In the same vein as you, let us consider the pencil of planes defined by the two planes (the set of planes sharing the same intersection line as the initial plane and the mirror plane), i.e., the set of planes $(\Pi_k)$ with equations:
$$\tag{1}(\Pi_k): \ \ k(2 x \ – \ y + z - 2)+(x + 2y \ – z - 3)=0 \ \ \iff$$
$$(2k+1)x + (-k+2)y + (k-1) z +(-2k-3)=0$$
for any value of $k$.
Remark: we have inverted the place of $k$: in this way, the only plane not represented by equation (1) is initial plane ($P_1$).

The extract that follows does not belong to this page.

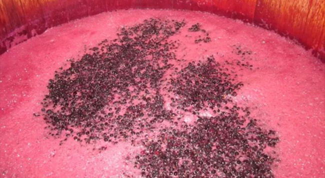 我在上葡萄酒課時(shí),會(huì)提到一個(gè)釀酒工序,叫做“浸皮”,如下圖。

By definition of a mirror (i.e., bissecting) plane, $k$ must be such that, for any point $M_0(x_0,y_0,z_0)$ in the mirror plane $(P_2)$,
$$\tag{2}dist(M_0,P_1) = dist(M_0,\Pi_k).$$
This condition can be written, using the point plane distance formula (http://mathworld.wolfram.com/Point-PlaneDistance.html) by squaring relationship (2):
$$\tag{3}\dfrac{(2x_0 – y_0 + z_0 - 2)^2}{2^2+1^2+1^2}=\dfrac{((2k+1)x_0 + (-k+2)y_0 + (k-1) z_0 +(-2k-3))^2}{(2k+1)^2 +(-k+2)^2 + (k-1)^2}$$
Let us take particular point $M_0(x_0,y_0,z_0)=(0,0,-3)$.
Relationship (3) becomes an equation in the single variable $k$ with unique solution $k=3$.
Plugging this value of $k$ in (1) gives plane equation:
$$7x-y+2z=9.$$